Gazetecilik vitrinde (benim için alanda) bir meslek olduğu için birçok edebiyatçıya albenili gelir. Hatta eline her kalem alan yada fotoğraf makinesi geçiren gazetecilik mesleğine hevesleniverir. İlk anlarda basın mesleği onun için cazip bir uğraş olarak belleğinde kendisini aldatıverir. Ama mesleği gazetecilik olmayan yazı insanları için gazeteciye özenerek sürekli yazmaya heveslenmek, hatta gazeteci gibi davranmak ise öldürücü olmanın da ötesindedir.
Gazeteci uyarıcıdır, eleştireldir. Çünkü bilgiyle yazar, bir üslup geliştirdiği için, bunun diliyle konuşur. Çok “net”tir, açık ve saydamdır. “Açık gazetecilik” yapar. Sözü orada burada gezindirip durmaz. Yan/yön bakışına takılıp, kör kuyulara sapmaz. Algı düzeyi açıklığıyla hem kavratıcı hem de kuşatıcıdır. Gazetecilik tutumudur yazısına yansıyan, üslubunu belirleyen. Çünkü, bilir ki bu köşedeki her sözcüğü, kurduğu her cümlesiyle gazetecilik görevini yerine getirmektedir. Bilgi, yorum, aydınlatma, muhalif söylem gazetecinin kamu adına olmazsa olmazlarındandır.
Gazetecinin çevresi /çerçevesi güven/bilgi/haber/yorum/analizdir. Yazar ise insana ve topluma kendi penceresinden bakarak kendi gerçekliğinin dilini yaratır. Ama gazetesi adına gazetecinin böyle bir lüksü/seçeneği yoktur. Evet, işin özüne döndüğümüzde ise gazetecinin yalnızca haber ulaştıran bir “muhabir” olmadığını, gazetenin bütün sathına yayılan bir iç gözle dünyayı okuyarak her sabah akşam insanlara birçok bilgiyi haberi Doğru/yansız/ilkeli biçimde yansıtması gerektiğini söylemek isteriz.

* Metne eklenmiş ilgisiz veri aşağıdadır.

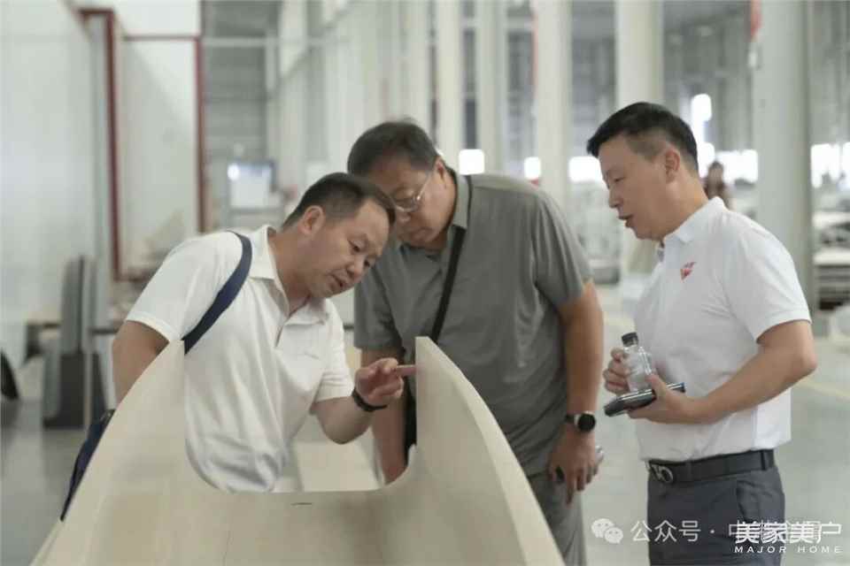 王晓军会长在参观中港金属生产基地后,对其产能规模与综合实力表示高度赞赏。总占地超650亩、年产能超650万㎡、年产值超20亿元的规模充分体现了公司的行业龙头地位,其庞大的生产体系和完善的产品链展现了深厚的制造功底。王晓军会长特别称赞中港金属将创新设计高效转化为优质产品的工程能力,并充分肯定了企业强劲的发展态势。她表示:"中港金属的生产规模和发展水平超出了我们的预期,要继续挖掘并展现龙头企业的实力与担当。"

Bu, sanat haberinden, üçüncü sayfa haberine, politik yorumdan, ülkenizdeki haberlerin tamamına dış dünyadaki olaylara kadar her bir mecrada gazeteci gibi gazetenin de çok ince bir çizgide izlemesi gereken başlıca tutumudur
Ama eğer siz “talimat”lar alarak bu işi yapmaya soyunursanız, yaptığınız gazetecilik olmaz. Bunun adı başka bir şeydir. Zamanın eleği bunları eler, değirmeni de öğütür. Bu güne kadar işimizi yapanken, bizler hep bunu meslek etiği olarak korumaya çalışıyoruz. Sanıyorum bütün meslektaşlarımın üzerinde hassasiyetle durduğu konu budur. Önümüz çeşitli engeller ile kapatılmak istense de bizler bizden öncesinde olduğu gibi kamu önün de hesap verebilirlik kurulları içerisinde bunu yapmaya devam edeceğiz.
Bizim önümüze konun engeller arasında kendisine bürokrasi kademesinde bir koltuk ve bir makam bulmuş kişilerin iğneleyici sözleri veya sataşmaları asla bizleri mesleğimizin bilincinden caydırıcı olmamalı küçük menfaatler uğruna ise Dünya’nın en eski mesleği olan Gazetecilik mesleğini birilerinin emrine tevdi etmemeliyiz. Şayet böylesi olanların hezeyanına dur demek için gerektiğinde uyarıcılık görevini yerine getirmekten mesleğin bizlere verdiği görev ve sorumluluğu yerine getirmekten kaçmamalıyız.